По воле БОга на пятый день моего путешествия я прибыл в Аэндор – после того, как в земле Манассийской прочитал молитву на могиле Иосифа, затем проехал через Эн-Ганним в Иссахаре и пересек долину Изреель, двигаясь навстречу утреннему солнцу и оставляя Гелвуйские горы по правую руку; последнюю ночь я провел в Сунаме, откуда родом красавица Ависага, которая нежно заботилась о царе Давиде, когда он состарился и никак не мог согреться. День был ясным, на небе ни облачка, с полей взлетали жаворонки, и голуби ворковали в кустах. Женщины Аэндора болтали у колодца; капли воды на ведрах, которыми они доставали воду, ярко блестели.

Одна из женщин, ядреная толстушка с ямочками на щеках, окликнула меня:

– Что ты тут высматриваешь, незнакомец? Может, ты купец и хочешь предложить нам благовония или блошиный сок, что красит в пурпур холсты? Или заглядываешь под наши юбки, когда мы склоняемся над колодцем?

– Ни одно, ни другое, милая, – отвечал я, – я всего лишь бедный странник, что ищет мудрого совета.

– Вы все так говорите, – вмешалась другая женщина, – а сами ищете под подолом.

– Ну, под твоим-то, – парировал я, – вряд ли найдешь что-либо интересное. Я должен разыскать здесь прорицательницу, обладающую способностью ясновидения; вероятно, она уже очень стара, ежели вообще еще жива.

Тут толстушка с ямочками на щеках говорит:

– А это я и есть. Дар ясновидения я унаследовала от своей матери и от матери моей матери.

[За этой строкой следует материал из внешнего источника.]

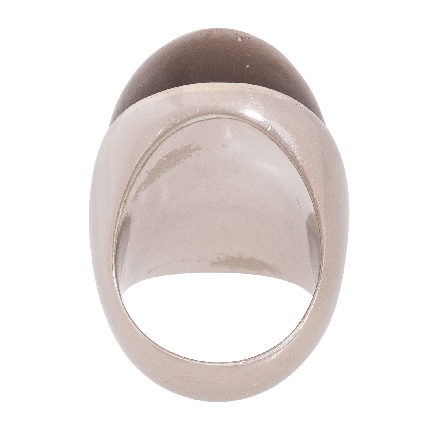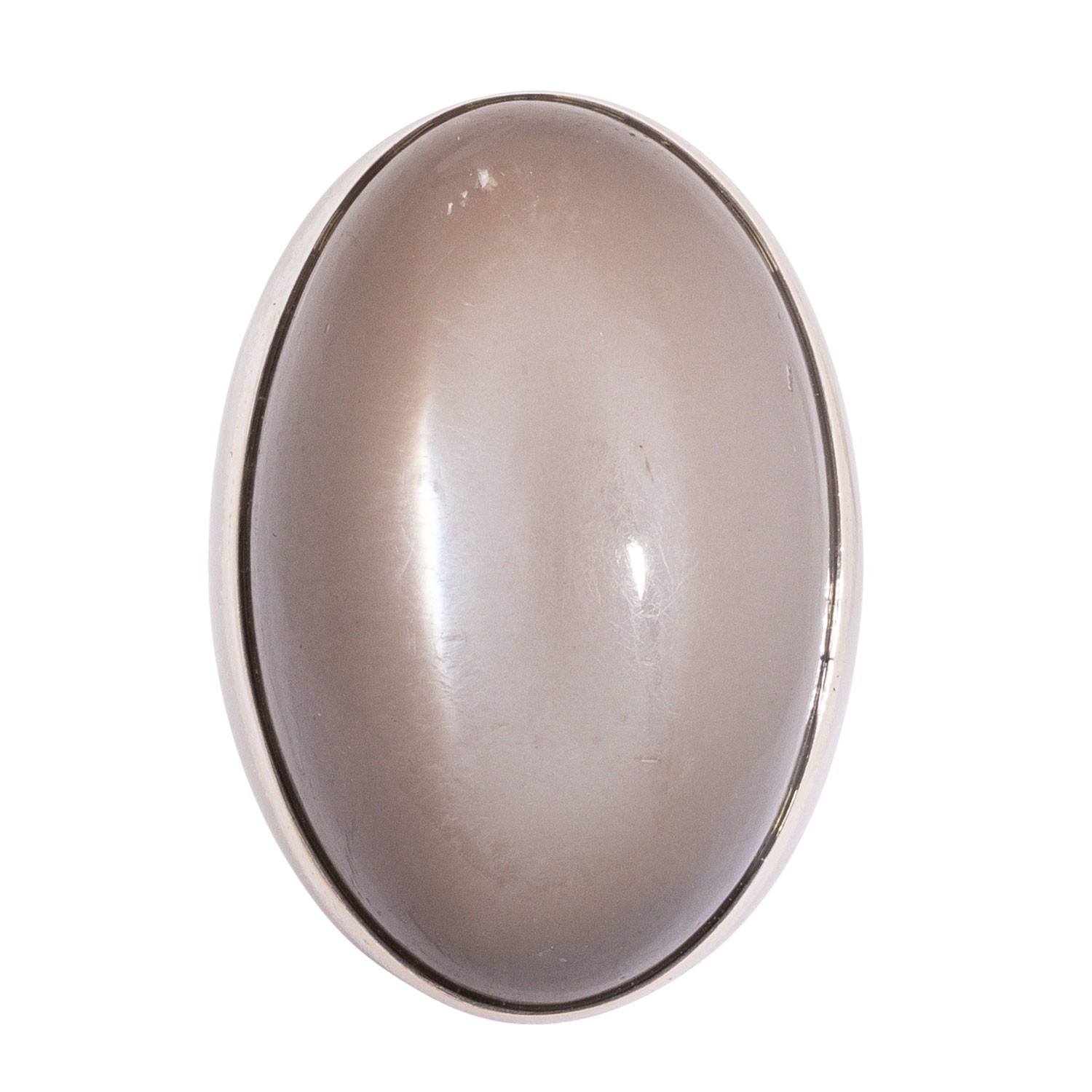 Ring with moonstone, 32 x 20 mm, WG 18K, 35.7 g, ring size 55, 21st century, good condition, solid design. Handcrafted.

– Честно говоря, милое дитя, – отвечал я, – я не вижу у тебя ни сморщенной кожи, ни пожелтевших зубов, ни седых косм, ни бородавок на носу, как это приличествует ведьме.

– Если это не мешает духам, – дерзко вскинула она голову, – что же мешает тебе?

Она придвинула к себе ведро, наполнила свой кувшин и пошла восвояси. Остальные женщины захихикали и стали показывать на меня пальцами, так что я почувствовал себе довольно-таки глупо и задался вопросом, правильно ли я понял двуглавого ангела и не окажется ли моя поездка в Аэндор напрасным трудом.

Я все еще сидел на своем сером ослике, не зная, куда поворотить, как вдруг увидел, что ко мне приближается старик, опираясь на клюку. Представившись Шуфамом, сыном Хуфама, старейшиной Аэндора, он поинтересовался, кто я таков и какова цель моего приезда. Я назвал ему свое имя и имя своего отца, рассказал про ангела, который явился мне во сне и велел: отправляйся в Аэндор, разыщи там женщину, что владеет даром ясновидения, и расспроси ее. Но о чем расспросить – этого я ему не открыл, а еще не сказал, что ангел был о двух головах. Шуфам, сын Хуфама, пощелкал языком. В Аэндоре, сказал он, никого такого нет – с тех пор, как царь Саул изгнал всех волшебников и прорицателей. На что я заметил, что этот указ царя Саула мне известен, как и указ царя Давида; однако путь от царского дворца до хижин бедняков долог, а могущественные указы подобны пригоршням воды, упавшим в горячий песок пустыни; и разве сам царь Саул не приезжал к волшебнице за предсказанием, ибо ГОсподь не отвечал на его вопросы ни в сновидениях, ни устами оракулов урима и тумима, ни через пророков.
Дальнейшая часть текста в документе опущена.